Exercise:
Every line of the listing below must be printed again exactly, apart from its pictures.

Recorded data:
────────────────────

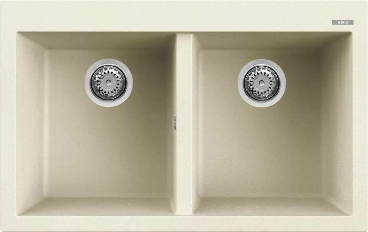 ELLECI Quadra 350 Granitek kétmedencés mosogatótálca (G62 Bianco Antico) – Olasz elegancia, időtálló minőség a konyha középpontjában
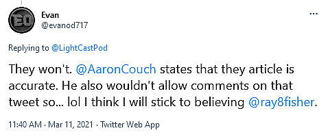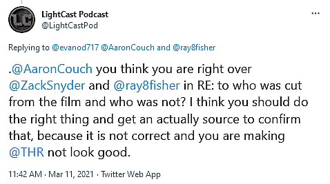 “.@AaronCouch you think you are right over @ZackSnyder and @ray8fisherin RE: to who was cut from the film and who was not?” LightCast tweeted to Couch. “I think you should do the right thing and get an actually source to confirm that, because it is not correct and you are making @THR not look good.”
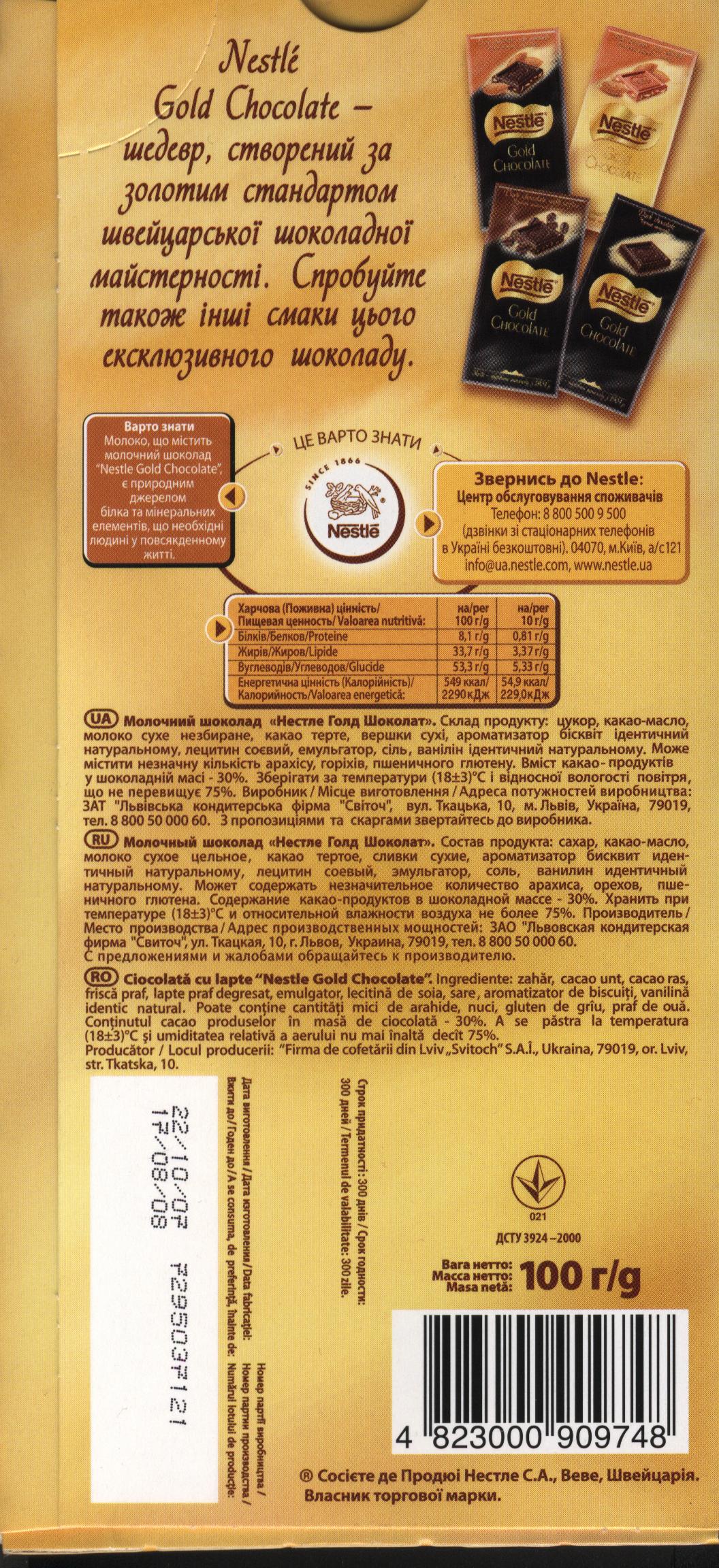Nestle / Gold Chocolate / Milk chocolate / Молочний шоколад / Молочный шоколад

────────────────────

The completed task:
 ELLECI Quadra 350 Granitek kétmedencés mosogatótálca (G62 Bianco Antico) – Olasz elegancia, időtálló minőség a konyha középpontjában
 “.@AaronCouch you think you are right over @ZackSnyder and @ray8fisherin RE: to who was cut from the film and who was not?” LightCast tweeted to Couch. “I think you should do the right thing and get an actually source to confirm that, because it is not correct and you are making @THR not look good.”
Nestle / Gold Chocolate / Milk chocolate / Молочний шоколад / Молочный шоколад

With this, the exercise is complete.